■ **Exercise objective**
Below are some records: retype them all exactly, but not the pictures.

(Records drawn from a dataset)
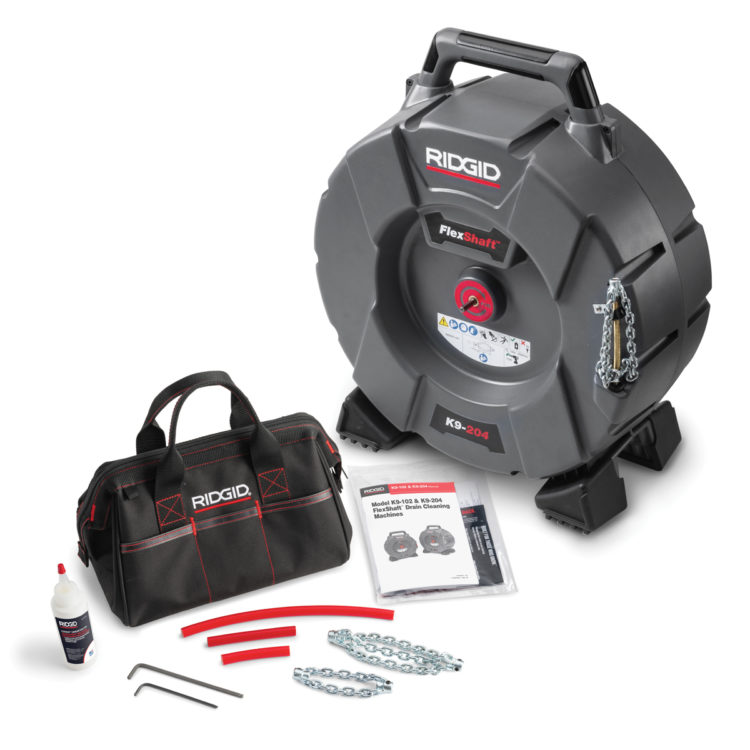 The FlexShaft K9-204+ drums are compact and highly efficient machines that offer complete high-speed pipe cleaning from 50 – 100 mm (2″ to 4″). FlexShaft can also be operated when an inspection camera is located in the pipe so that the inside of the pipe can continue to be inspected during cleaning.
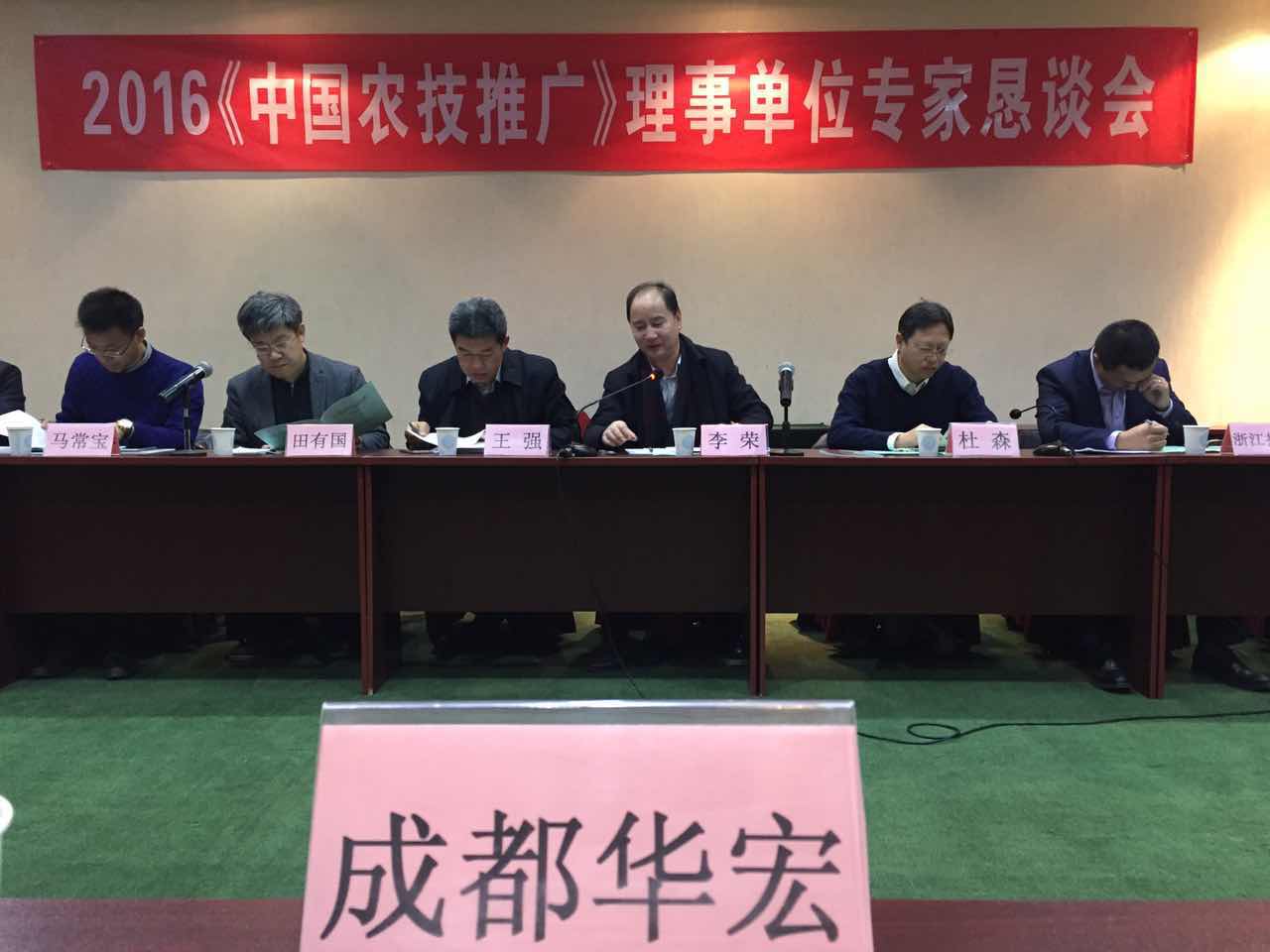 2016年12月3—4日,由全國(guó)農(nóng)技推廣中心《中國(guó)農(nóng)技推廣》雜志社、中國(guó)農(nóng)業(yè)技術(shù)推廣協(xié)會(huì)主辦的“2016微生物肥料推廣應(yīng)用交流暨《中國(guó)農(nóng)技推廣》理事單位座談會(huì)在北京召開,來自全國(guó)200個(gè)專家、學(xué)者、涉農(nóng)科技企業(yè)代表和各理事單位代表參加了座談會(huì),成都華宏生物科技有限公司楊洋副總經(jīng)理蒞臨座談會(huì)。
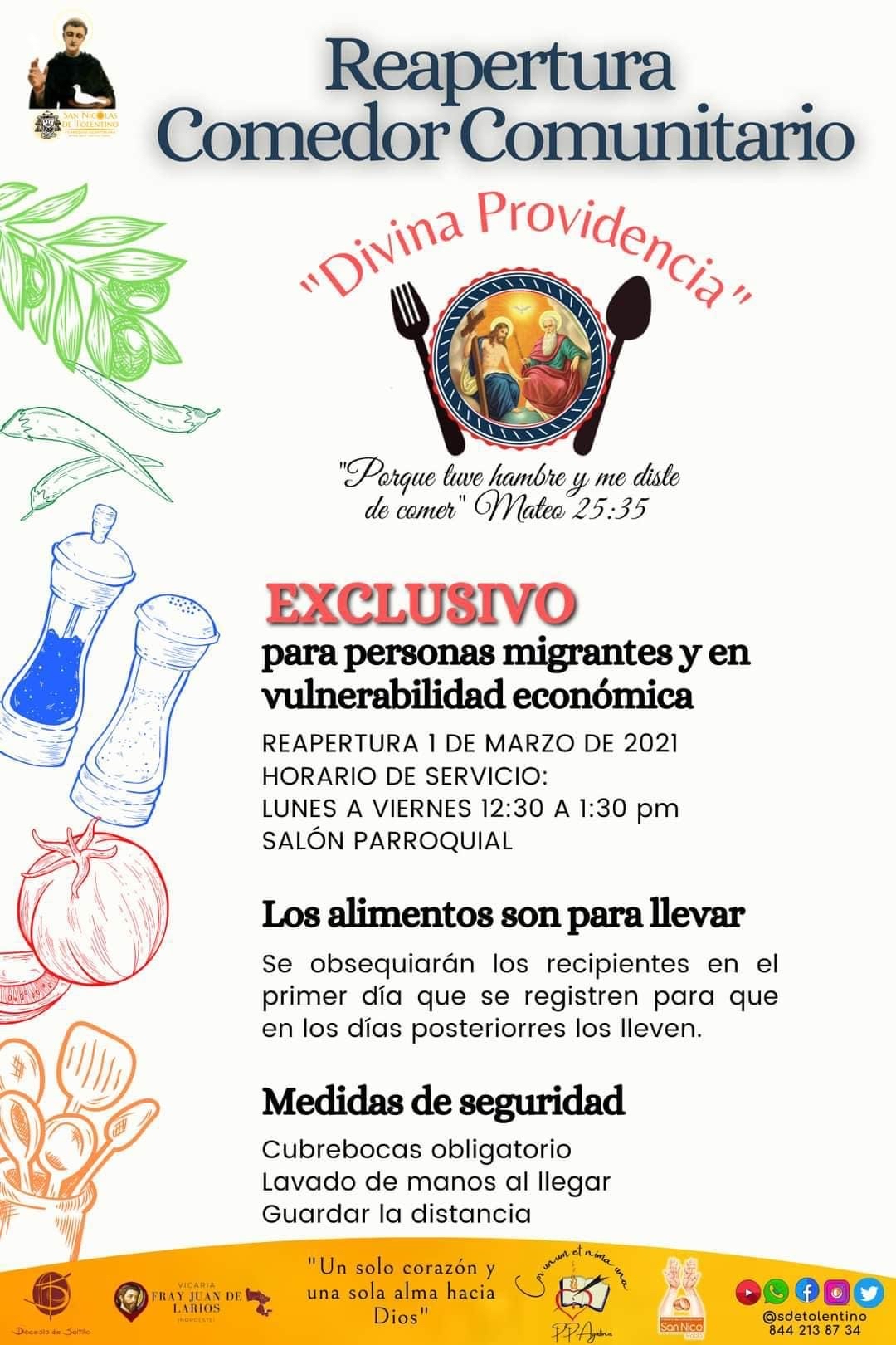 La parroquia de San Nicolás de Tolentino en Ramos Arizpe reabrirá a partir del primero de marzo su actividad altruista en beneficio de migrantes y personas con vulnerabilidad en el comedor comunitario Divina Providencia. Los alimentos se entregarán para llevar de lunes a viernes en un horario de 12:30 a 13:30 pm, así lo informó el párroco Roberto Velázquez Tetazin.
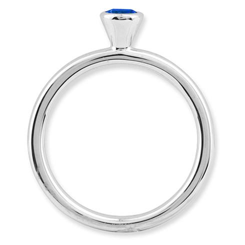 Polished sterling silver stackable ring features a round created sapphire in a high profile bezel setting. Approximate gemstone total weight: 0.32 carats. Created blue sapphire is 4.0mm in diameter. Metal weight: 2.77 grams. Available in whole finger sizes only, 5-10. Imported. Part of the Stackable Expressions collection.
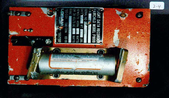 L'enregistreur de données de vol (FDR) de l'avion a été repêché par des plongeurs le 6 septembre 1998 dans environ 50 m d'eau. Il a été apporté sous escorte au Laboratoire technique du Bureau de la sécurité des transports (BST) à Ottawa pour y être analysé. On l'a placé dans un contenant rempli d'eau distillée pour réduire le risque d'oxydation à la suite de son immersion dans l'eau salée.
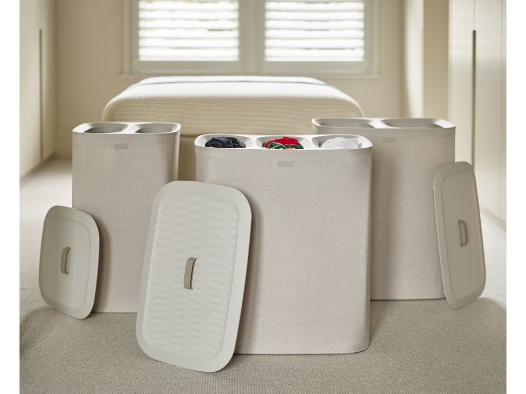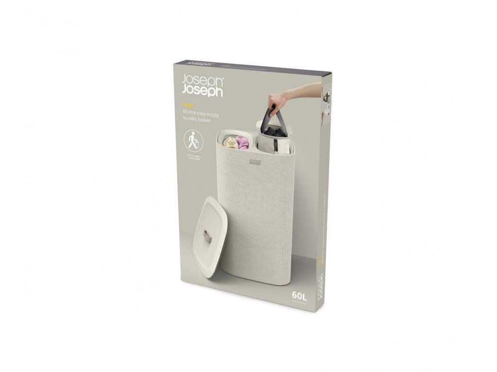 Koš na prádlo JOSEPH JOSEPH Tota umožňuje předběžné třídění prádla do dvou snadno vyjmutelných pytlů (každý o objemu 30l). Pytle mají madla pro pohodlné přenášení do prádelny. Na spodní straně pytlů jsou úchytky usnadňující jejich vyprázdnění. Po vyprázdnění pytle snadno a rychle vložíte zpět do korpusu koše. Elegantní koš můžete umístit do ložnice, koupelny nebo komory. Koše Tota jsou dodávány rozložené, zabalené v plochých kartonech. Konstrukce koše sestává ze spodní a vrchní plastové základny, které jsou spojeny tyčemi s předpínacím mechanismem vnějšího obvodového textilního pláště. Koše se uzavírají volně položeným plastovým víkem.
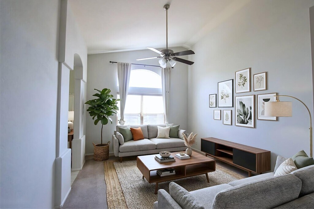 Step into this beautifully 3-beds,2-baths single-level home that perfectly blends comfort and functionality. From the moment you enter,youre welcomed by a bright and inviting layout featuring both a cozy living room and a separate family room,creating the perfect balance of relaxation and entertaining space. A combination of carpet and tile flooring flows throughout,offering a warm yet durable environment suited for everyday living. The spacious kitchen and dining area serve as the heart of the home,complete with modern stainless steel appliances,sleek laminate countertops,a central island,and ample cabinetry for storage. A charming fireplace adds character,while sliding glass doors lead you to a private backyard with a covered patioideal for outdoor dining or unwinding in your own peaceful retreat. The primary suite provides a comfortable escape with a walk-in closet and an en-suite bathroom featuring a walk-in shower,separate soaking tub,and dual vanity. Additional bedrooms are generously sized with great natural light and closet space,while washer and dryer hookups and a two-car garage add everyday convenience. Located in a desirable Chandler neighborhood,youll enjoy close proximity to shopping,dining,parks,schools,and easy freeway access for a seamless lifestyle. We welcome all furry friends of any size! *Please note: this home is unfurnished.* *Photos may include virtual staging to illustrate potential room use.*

■ **The answer**
 The FlexShaft K9-204+ drums are compact and highly efficient machines that offer complete high-speed pipe cleaning from 50 – 100 mm (2″ to 4″). FlexShaft can also be operated when an inspection camera is located in the pipe so that the inside of the pipe can continue to be inspected during cleaning.
 2016年12月3—4日,由全國(guó)農(nóng)技推廣中心《中國(guó)農(nóng)技推廣》雜志社、中國(guó)農(nóng)業(yè)技術(shù)推廣協(xié)會(huì)主辦的“2016微生物肥料推廣應(yīng)用交流暨《中國(guó)農(nóng)技推廣》理事單位座談會(huì)在北京召開,來自全國(guó)200個(gè)專家、學(xué)者、涉農(nóng)科技企業(yè)代表和各理事單位代表參加了座談會(huì),成都華宏生物科技有限公司楊洋副總經(jīng)理蒞臨座談會(huì)。
 La parroquia de San Nicolás de Tolentino en Ramos Arizpe reabrirá a partir del primero de marzo su actividad altruista en beneficio de migrantes y personas con vulnerabilidad en el comedor comunitario Divina Providencia. Los alimentos se entregarán para llevar de lunes a viernes en un horario de 12:30 a 13:30 pm, así lo informó el párroco Roberto Velázquez Tetazin.
 Polished sterling silver stackable ring features a round created sapphire in a high profile bezel setting. Approximate gemstone total weight: 0.32 carats. Created blue sapphire is 4.0mm in diameter. Metal weight: 2.77 grams. Available in whole finger sizes only, 5-10. Imported. Part of the Stackable Expressions collection.
 L'enregistreur de données de vol (FDR) de l'avion a été repêché par des plongeurs le 6 septembre 1998 dans environ 50 m d'eau. Il a été apporté sous escorte au Laboratoire technique du Bureau de la sécurité des transports (BST) à Ottawa pour y être analysé. On l'a placé dans un contenant rempli d'eau distillée pour réduire le risque d'oxydation à la suite de son immersion dans l'eau salée.
 Koš na prádlo JOSEPH JOSEPH Tota umožňuje předběžné třídění prádla do dvou snadno vyjmutelných pytlů (každý o objemu 30l). Pytle mají madla pro pohodlné přenášení do prádelny. Na spodní straně pytlů jsou úchytky usnadňující jejich vyprázdnění. Po vyprázdnění pytle snadno a rychle vložíte zpět do korpusu koše. Elegantní koš můžete umístit do ložnice, koupelny nebo komory. Koše Tota jsou dodávány rozložené, zabalené v plochých kartonech. Konstrukce koše sestává ze spodní a vrchní plastové základny, které jsou spojeny tyčemi s předpínacím mechanismem vnějšího obvodového textilního pláště. Koše se uzavírají volně položeným plastovým víkem.
 Step into this beautifully 3-beds,2-baths single-level home that perfectly blends comfort and functionality. From the moment you enter,youre welcomed by a bright and inviting layout featuring both a cozy living room and a separate family room,creating the perfect balance of relaxation and entertaining space. A combination of carpet and tile flooring flows throughout,offering a warm yet durable environment suited for everyday living. The spacious kitchen and dining area serve as the heart of the home,complete with modern stainless steel appliances,sleek laminate countertops,a central island,and ample cabinetry for storage. A charming fireplace adds character,while sliding glass doors lead you to a private backyard with a covered patioideal for outdoor dining or unwinding in your own peaceful retreat. The primary suite provides a comfortable escape with a walk-in closet and an en-suite bathroom featuring a walk-in shower,separate soaking tub,and dual vanity. Additional bedrooms are generously sized with great natural light and closet space,while washer and dryer hookups and a two-car garage add everyday convenience. Located in a desirable Chandler neighborhood,youll enjoy close proximity to shopping,dining,parks,schools,and easy freeway access for a seamless lifestyle. We welcome all furry friends of any size! *Please note: this home is unfurnished.* *Photos may include virtual staging to illustrate potential room use.*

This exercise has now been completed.